'''

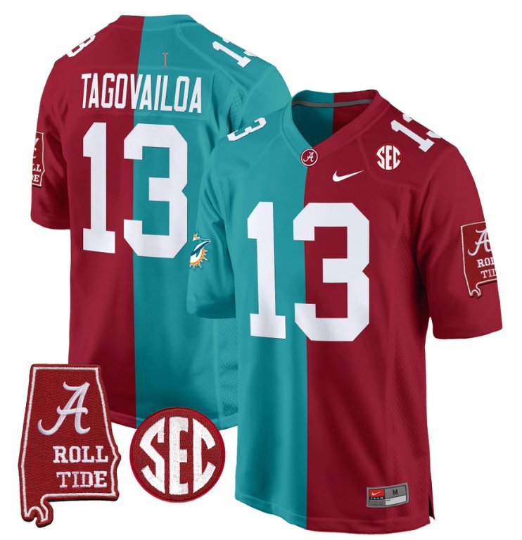 Tua Tagovailoa #13 Alabama Crimson Tide Split Game Stitched
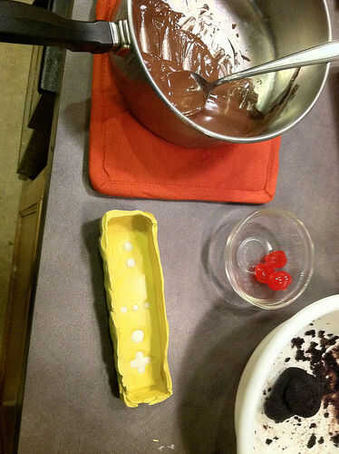 Bien, decidí llenar primero los botones de chocolate blanco. Entonces fundidos el chocolate regular y empezó a crear mi caparazón.
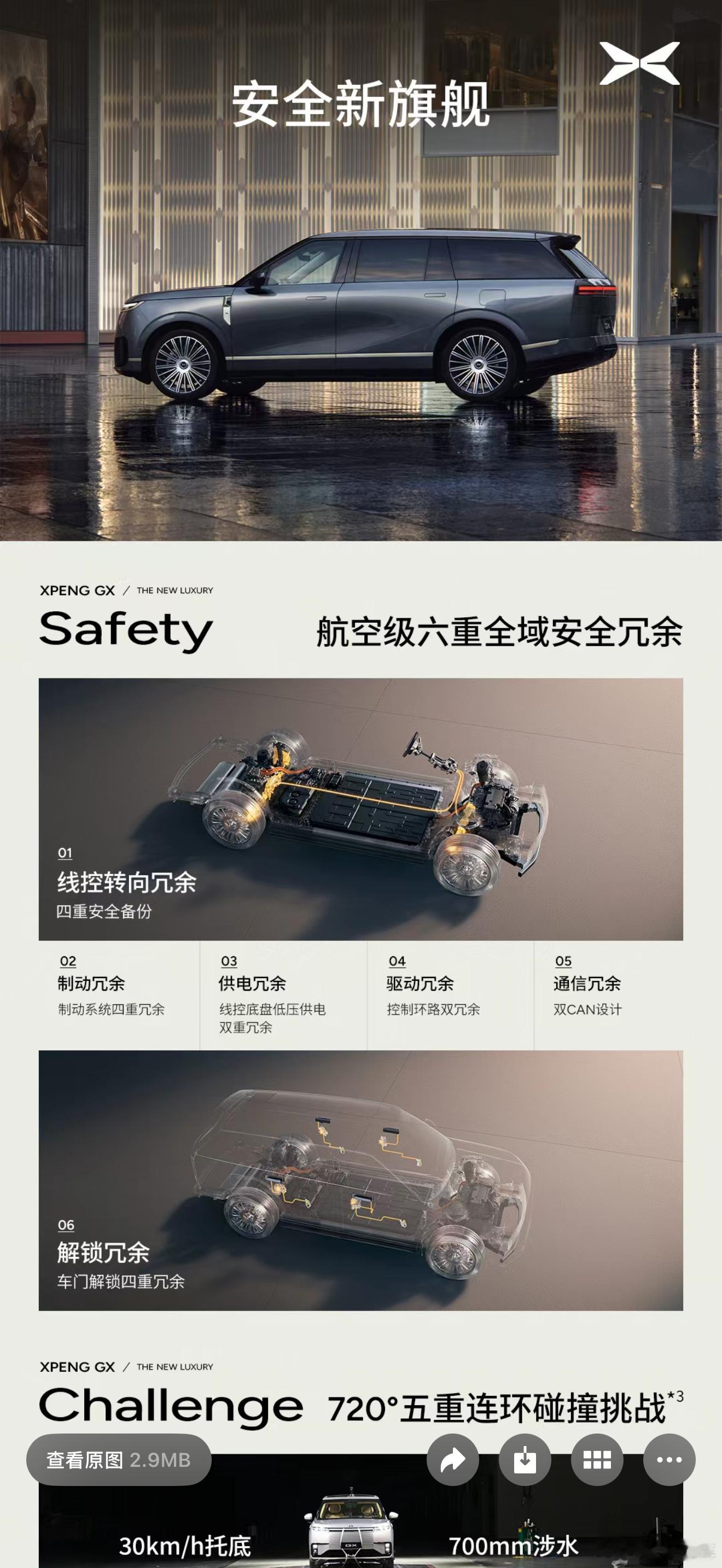 小鹏GX预售39.98万元,提供纯电/超级增程版,纯电续航最高750km,综合续航1585km。基于SEPA 3.0架构,搭载航空级六重安全冗余与11气囊,被动安全拉满。配备原生线控底盘与后轮转向,操控灵活。智驾算力至高3000TOPS,支持L4级能力与驾驶员失能辅助。车内三排电动可调、零重力座椅,配智能冰箱、调光玻璃,空间与舒适同级领先。新科技旗舰小鹏gx今晚预售小鹏gx把四大安全测试场搬到发布会
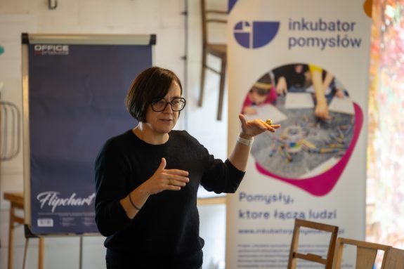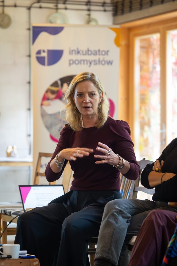 Część spotkania była okazją do rozmowy i wymiany doświadczeń z doświadczoną innowatorką i innowatorem społecznym – Katarzyną Karską oraz Tomaszem Frejtagiem. Oboje od lat tworzą i rozwijają autorskie innowacje społeczne, a w Oczyszczalni podzielili się refleksjami z własnej drogi, opowiedzieli o wyzwaniach, satysfakcji i o tym, jak utrzymać energię w procesie tworzenia.
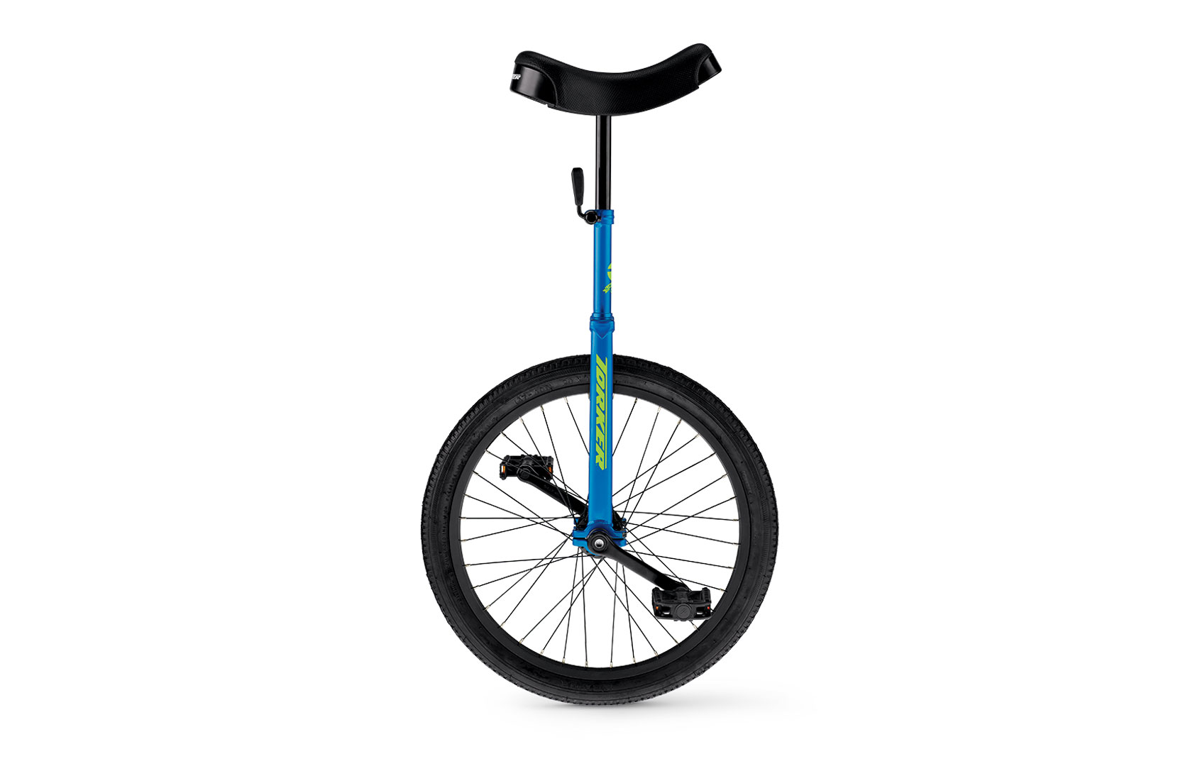 For the past decade more riders have learned how to ride on one wheel aboard a quality Torker Unistar CX. The lugged frame w/ built-in seatpost quick-release and the sturdy main cap-style bearing holder are exceptional Torker features. The comfortable padded saddle w/ built-in scuff guards and contour cranks are additional features that will enhance your first unicycling experience. Available in three wheel sizes 16 20 and 24 and three colors including black highlighter yellow or chrome.
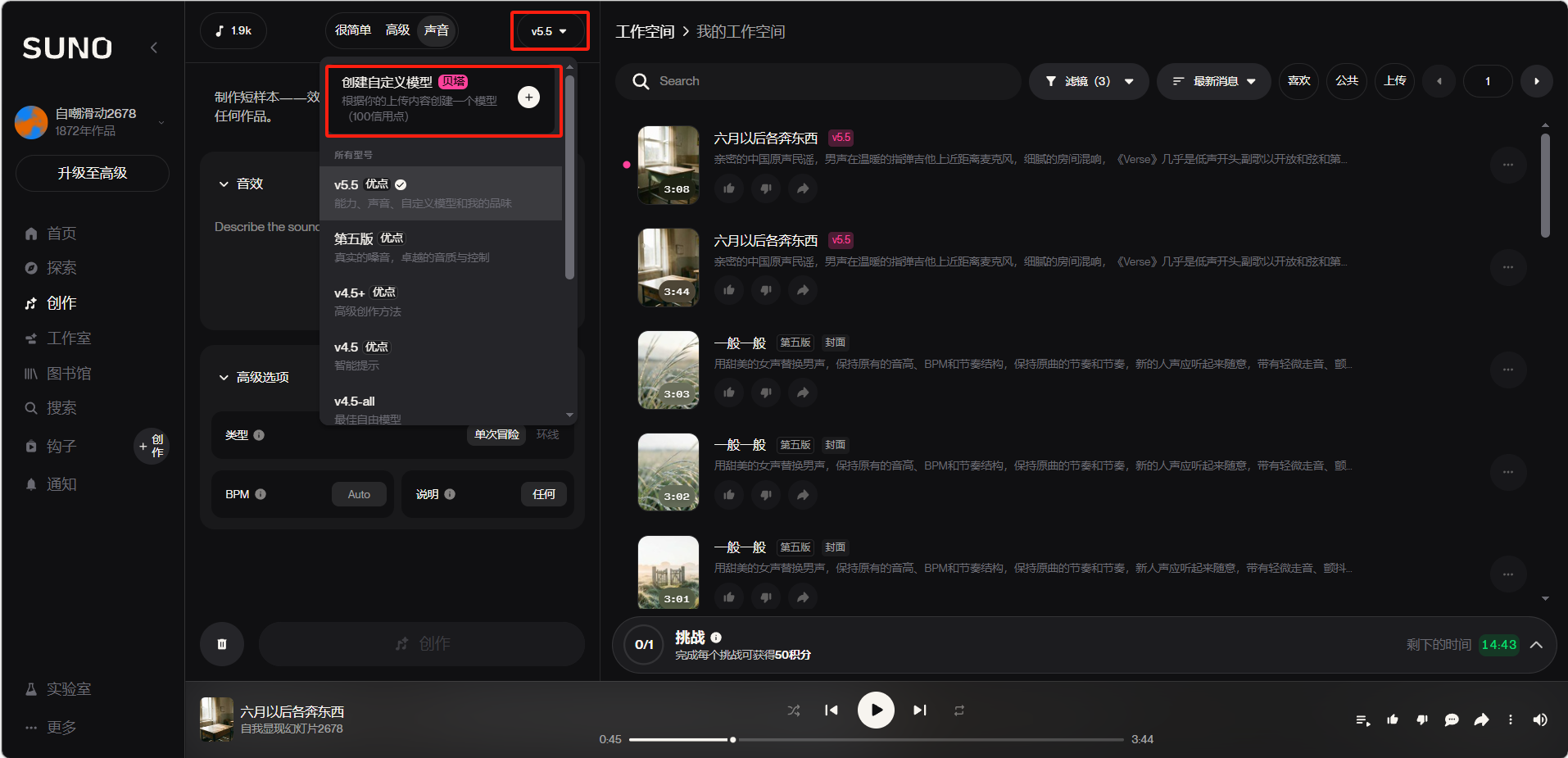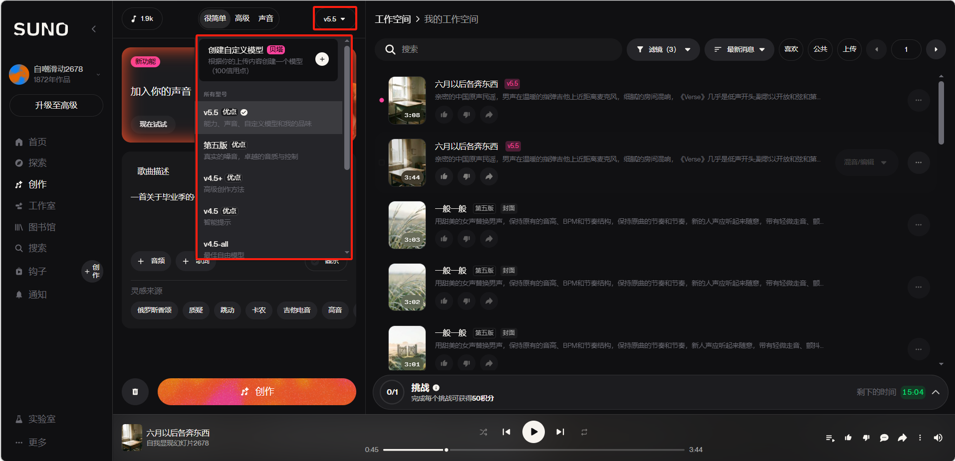 在创作页面的右上角,用户可以选择不同的模型版本。Suno 目前提供以下模型:

'''

What you return must be the entries above, exactly as they appear, without any pictures.

 Tua Tagovailoa #13 Alabama Crimson Tide Split Game Stitched
 Bien, decidí llenar primero los botones de chocolate blanco. Entonces fundidos el chocolate regular y empezó a crear mi caparazón.
 小鹏GX预售39.98万元,提供纯电/超级增程版,纯电续航最高750km,综合续航1585km。基于SEPA 3.0架构,搭载航空级六重安全冗余与11气囊,被动安全拉满。配备原生线控底盘与后轮转向,操控灵活。智驾算力至高3000TOPS,支持L4级能力与驾驶员失能辅助。车内三排电动可调、零重力座椅,配智能冰箱、调光玻璃,空间与舒适同级领先。新科技旗舰小鹏gx今晚预售小鹏gx把四大安全测试场搬到发布会
 Część spotkania była okazją do rozmowy i wymiany doświadczeń z doświadczoną innowatorką i innowatorem społecznym – Katarzyną Karską oraz Tomaszem Frejtagiem. Oboje od lat tworzą i rozwijają autorskie innowacje społeczne, a w Oczyszczalni podzielili się refleksjami z własnej drogi, opowiedzieli o wyzwaniach, satysfakcji i o tym, jak utrzymać energię w procesie tworzenia.
 For the past decade more riders have learned how to ride on one wheel aboard a quality Torker Unistar CX. The lugged frame w/ built-in seatpost quick-release and the sturdy main cap-style bearing holder are exceptional Torker features. The comfortable padded saddle w/ built-in scuff guards and contour cranks are additional features that will enhance your first unicycling experience. Available in three wheel sizes 16 20 and 24 and three colors including black highlighter yellow or chrome.
 在创作页面的右上角,用户可以选择不同的模型版本。Suno 目前提供以下模型:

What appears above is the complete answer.